▸ What you will do
Reproduce, word for word, the lines in the material below starting with the one that has "Белая матовая столешница и деревянные фасады" and going on through the one that has "The new status". Leave out all pictures.

▸ Exercise materials
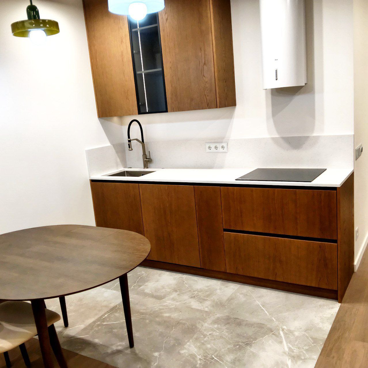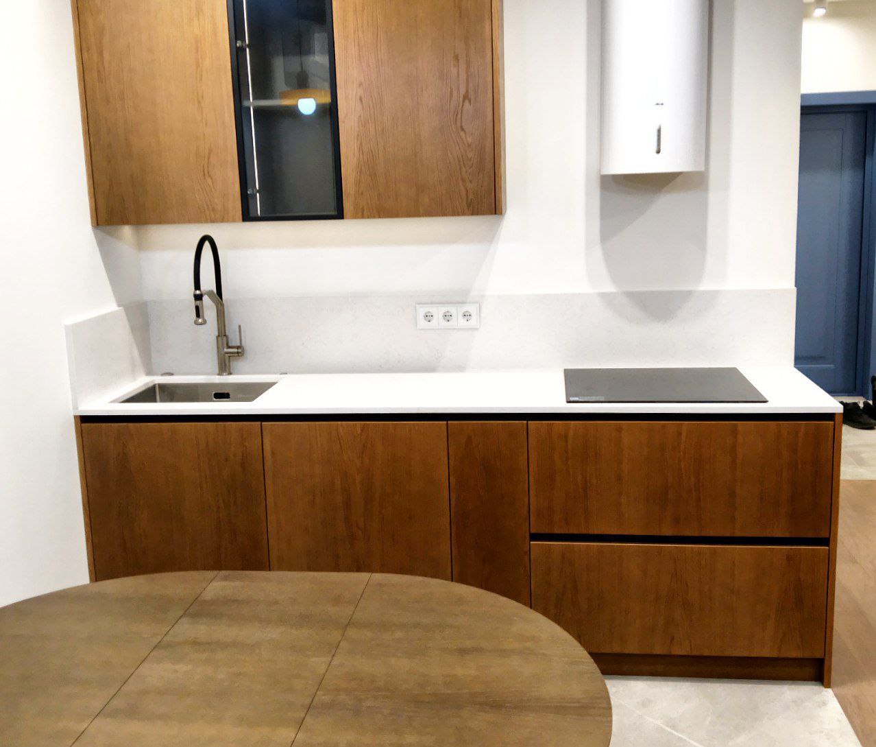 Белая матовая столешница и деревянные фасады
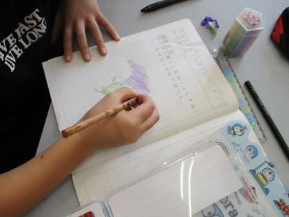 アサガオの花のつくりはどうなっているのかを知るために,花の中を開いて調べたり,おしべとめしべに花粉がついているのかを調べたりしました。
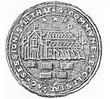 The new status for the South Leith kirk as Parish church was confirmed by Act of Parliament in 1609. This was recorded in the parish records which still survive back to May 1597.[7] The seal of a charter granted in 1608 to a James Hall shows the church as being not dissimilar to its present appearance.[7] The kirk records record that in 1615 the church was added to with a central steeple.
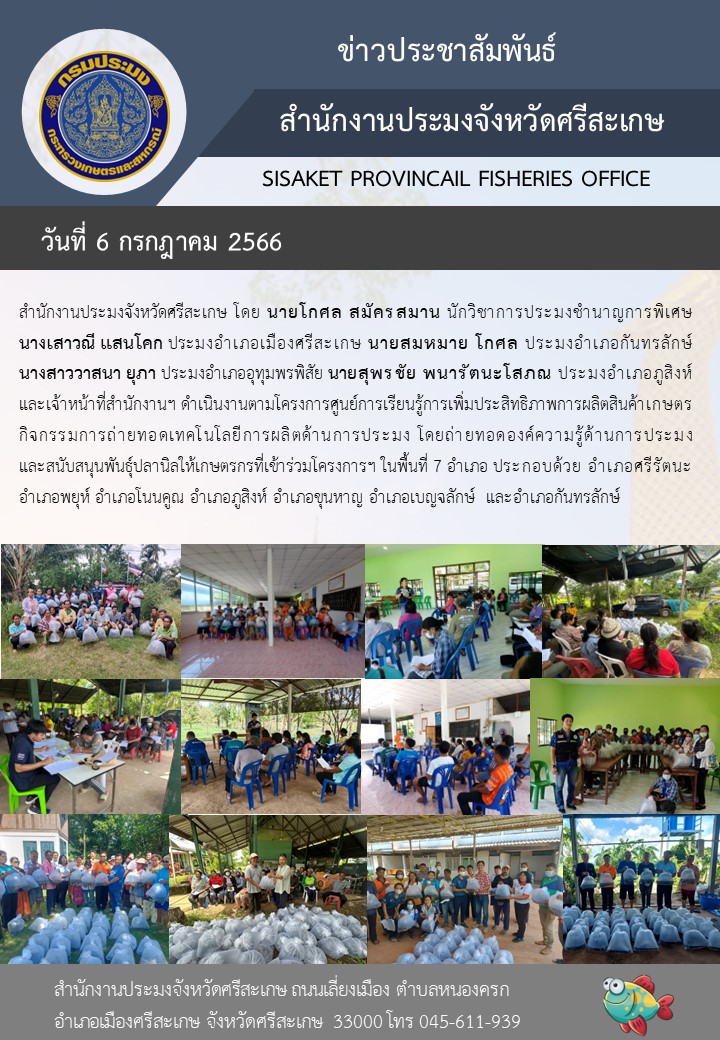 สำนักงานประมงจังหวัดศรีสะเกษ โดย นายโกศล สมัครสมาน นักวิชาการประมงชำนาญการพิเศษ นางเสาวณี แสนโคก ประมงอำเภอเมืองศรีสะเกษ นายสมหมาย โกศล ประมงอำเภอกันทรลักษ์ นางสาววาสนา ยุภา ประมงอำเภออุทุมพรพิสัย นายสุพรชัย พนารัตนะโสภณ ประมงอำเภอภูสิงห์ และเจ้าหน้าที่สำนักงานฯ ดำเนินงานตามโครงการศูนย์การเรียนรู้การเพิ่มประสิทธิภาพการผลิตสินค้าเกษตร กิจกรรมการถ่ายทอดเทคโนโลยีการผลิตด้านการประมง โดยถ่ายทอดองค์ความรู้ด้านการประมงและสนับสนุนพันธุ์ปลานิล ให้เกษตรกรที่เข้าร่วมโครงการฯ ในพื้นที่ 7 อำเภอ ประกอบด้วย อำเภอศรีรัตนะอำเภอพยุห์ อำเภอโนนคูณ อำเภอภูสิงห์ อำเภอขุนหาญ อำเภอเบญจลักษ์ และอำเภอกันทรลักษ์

==

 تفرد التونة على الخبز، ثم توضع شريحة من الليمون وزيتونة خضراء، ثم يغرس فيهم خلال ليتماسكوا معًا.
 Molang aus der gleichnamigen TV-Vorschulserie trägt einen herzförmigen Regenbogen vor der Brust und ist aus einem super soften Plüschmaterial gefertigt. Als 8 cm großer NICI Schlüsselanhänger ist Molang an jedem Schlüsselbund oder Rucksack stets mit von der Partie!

* * *

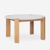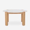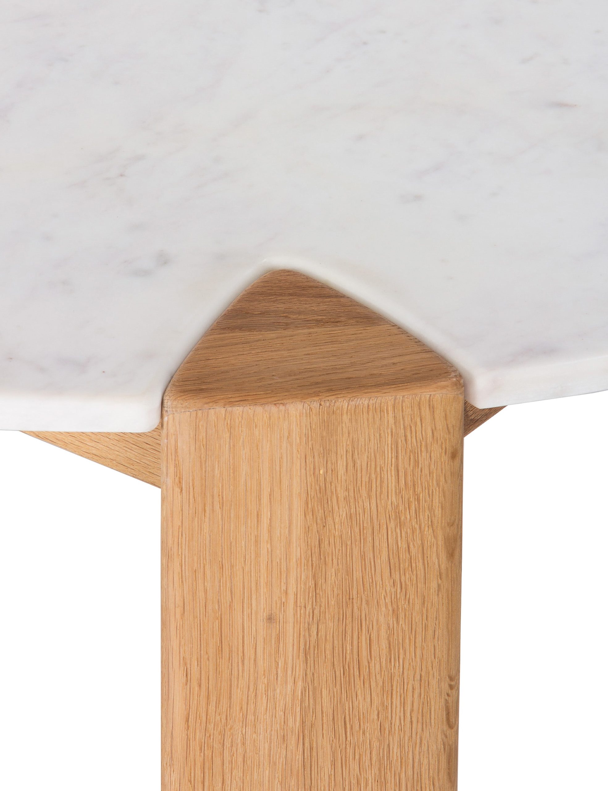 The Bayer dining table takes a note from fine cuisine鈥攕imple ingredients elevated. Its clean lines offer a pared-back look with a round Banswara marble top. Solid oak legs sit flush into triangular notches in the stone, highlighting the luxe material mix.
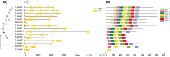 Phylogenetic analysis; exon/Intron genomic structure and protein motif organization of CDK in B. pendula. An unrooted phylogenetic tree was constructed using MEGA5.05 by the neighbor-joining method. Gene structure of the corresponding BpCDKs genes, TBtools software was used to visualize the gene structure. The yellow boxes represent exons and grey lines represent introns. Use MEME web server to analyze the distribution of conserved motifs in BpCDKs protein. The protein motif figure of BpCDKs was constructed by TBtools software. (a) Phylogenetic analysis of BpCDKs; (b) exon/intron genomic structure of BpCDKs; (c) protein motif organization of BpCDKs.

▸ Solution for this problem
 Белая матовая столешница и деревянные фасады
 アサガオの花のつくりはどうなっているのかを知るために,花の中を開いて調べたり,おしべとめしべに花粉がついているのかを調べたりしました。
 The new status for the South Leith kirk as Parish church was confirmed by Act of Parliament in 1609. This was recorded in the parish records which still survive back to May 1597.[7] The seal of a charter granted in 1608 to a James Hall shows the church as being not dissimilar to its present appearance.[7] The kirk records record that in 1615 the church was added to with a central steeple.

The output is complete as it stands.